Na primeira matéria, do interior de São Paulo, a repórter Daniele Lessa Soares conta a história de uma família que está lutando para levar uma denúncia de abuso a julgamento.

TEXTO

O desejo do menino de nove anos é colocar um terno para conversar com o juiz. O pedido? Ele quer um segurança para ir até a praça sem medo.
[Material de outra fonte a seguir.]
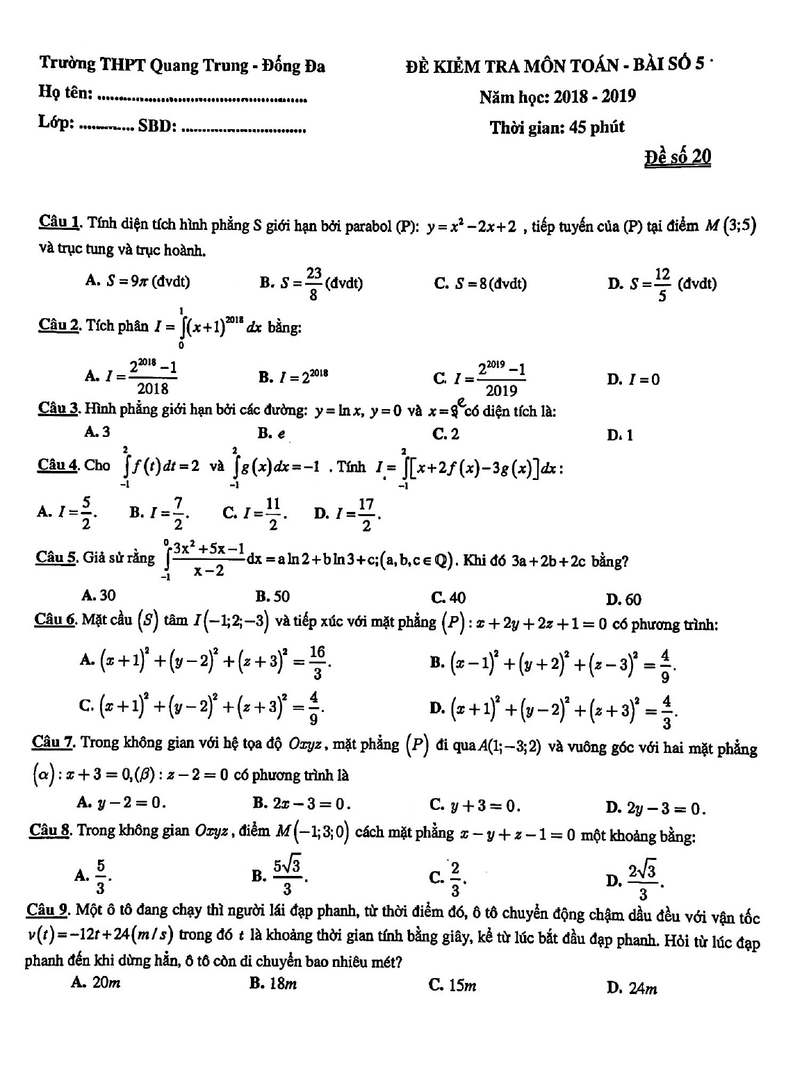 Đề kiểm tra 1 tiết lớp 12 môn Toán bài số 5 năm 2018 - 2019 trường THPT Quang Trung - Hà Nội

O abuso sexual teria acontecido há dois anos e as fobias continuam até hoje. Mas o que se vê é uma criança falante e bem articulada. Olhos e ouvidos curiosos com a visita, ele falou do cotidiano na escola pública onde estuda hoje. Há dois anos, a mãe o tirou da APAE, a associação que tem unidades em todo o país e atende crianças com vários tipos de deficiência. A família fez um boletim de ocorrência contra um técnico de enfermagem que trabalhava no local. A mãe relembra a reação da criança e qual sua expectativa depois de ter feito a denúncia.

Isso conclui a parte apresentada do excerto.